History of Chinese Americans

The history of Chinese Americans or the history of ethnic Chinese in the United States includes three major waves of Chinese immigration to the United States, beginning in the 19th century. Chinese immigrants in the 19th century worked in the California Gold Rush of the 1850s and the Central Pacific Railroad in the 1860s. They also worked as laborers in Western mines. They suffered racial discrimination at every level of society. The white people were stirred to anger by the "yellow peril" rhetoric . Despite provisions for equal treatment of Chinese immigrants in the 1868 Burlingame Treaty between the US and China, political and labor organizations rallied against "cheap Chinese labor."

A Chinese American soldier posing alongside a half-track with a Thompson M1A1 in hand, June 1942.

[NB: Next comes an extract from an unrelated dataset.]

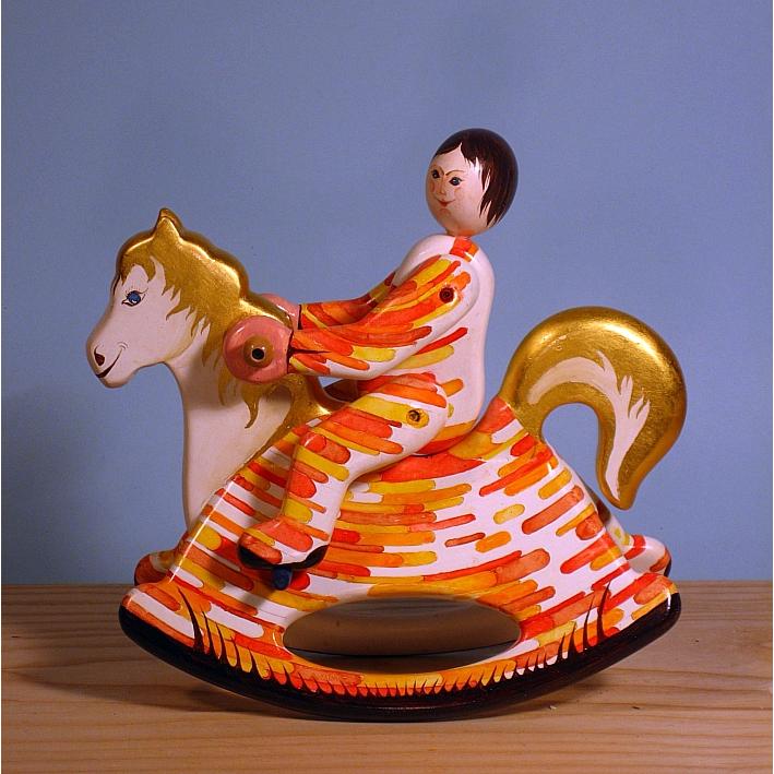 Giocattoli d'arte da collezione, realizzati con legni pregiati, dipinti ad acquerello variamente diluito e tampone con finiture in foglia d'oro 22Kt. Sono tutti pezzi unici, numerati e catalogati, forniti di certificato di produzione firmato dall'artista e sigillati con logo in cera lacca. Ideali per il collezionista, per un regalo di prestigio, per l'arredamento, opere rivolte a bambini e ragazzi come forma educativa per avvicinarli all'arte. Collectible art toys made of precious wood, painted with watercolor and swab with 22Kt gold leaf finishes. They are all unique pieces, numbered and cataloged, provided with a production certificate signed by the artist and sealed with lacquer wax logo. Ideal for the collector, for a prestigious gift, for furnishings, works directed at children and teens as an educational form to bring them closer to art.
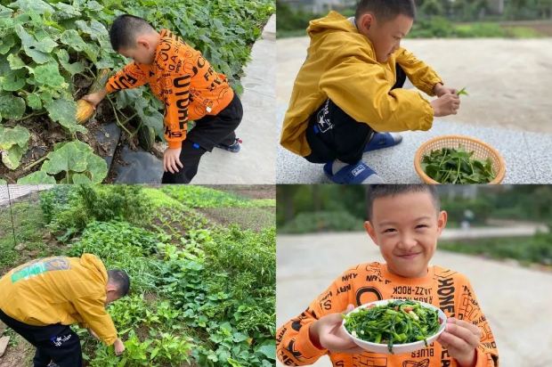 高年级的哥哥姐姐们,在大地丰收的时节,用多种形式展示少年儿童的劳动之美。四年级队员有的下田挖菜,有的昂首摘瓜,他们不惧泥泞、热爱劳动,亲身体验秋收的繁忙和农民的艰辛,还用一道道亲手烹制的佳肴与家人共享收获的喜悦。五年级队员则“打起擂台,各显神通”,进行劳动才艺大比拼。不论是洗衣拖地,还是择菜烹饪,都信手拈来。他们将劳动的快乐瞬间都记录在微视频内,还配上欢快的音乐,真是热爱生活的好少年!

Newspapers condemned employers who were initially pro-Chinese. When clergy ministering to the Chinese immigrants in California supported the Chinese, they were severely criticized by the local press and populace.[1] So hostile was the opposition that in 1882 the Congress passed the Chinese Exclusion Act prohibiting immigration from China for the following ten years. This law was then extended by the Geary Act in 1892. The Chinese Exclusion Act was the only U.S. law ever to prevent immigration and naturalization on the basis of race.[2] These laws not only prevented new immigration but also the reunion of the families of thousands of Chinese men already living in the United States who had left China without their wives and children. Anti-miscegenation laws in many Western states also prohibited the Chinese men from marrying white women.[3] In the South many Chinese American males married African American women. For example, the tenth U.S. Census of Louisiana alone showed 57% Chinese-American men were married to African-American women, and 43% to European-American women.[4]

In 1924 the law barred further entries of Chinese. Those already in the United States had been ineligible for citizenship since the previous year. Also by 1924, all Asian immigrants (except people from the Philippines, which had been annexed by the United States in 1898) were utterly excluded by law, denied citizenship and naturalization, and prevented from owning land. In many Western states, Asian immigrants were even prevented from marrying Caucasians.[5]

Only since the 1940s, when the United States and China became allies during World War II, did the situation for Chinese Americans begin to improve, as restrictions on entry into the country, naturalization, and mixed marriage were lessened. In 1943, Chinese immigration to the United States was once again permitted—by way of the Magnuson Act—thereby repealing 61 years of official racial discrimination against the Chinese. Large-scale Chinese immigration did not occur until 1965 when the Immigration and Nationality Act of 1965[6] lifted national origin quotas.[7] After World War II, anti-Asian prejudice began to decrease, and Chinese immigrants, along with other Asians (such as Japanese, Koreans, Indians and Vietnamese), have adapted and advanced. Currently, the Chinese constitute the largest ethnic group of Asian Americans (about 22%), and have confounded earlier expectations that they would form an indigestible mass in American society. [citation needed] For example, many Chinese Americans of American birth may know little or nothing about traditional Chinese culture, just as European Americans and African Americans may know little or nothing about the original cultures of their ancestors.

As of the 2010 United States Census, there are more than 3.3 million Chinese in the United States, about 1% of the total population. The influx continues, where each year ethnic Chinese people from the People's Republic of China, Taiwan, and to a lesser extent Southeast Asia move to the United States, surpassing Hispanic and Latino immigration by 2012.[8]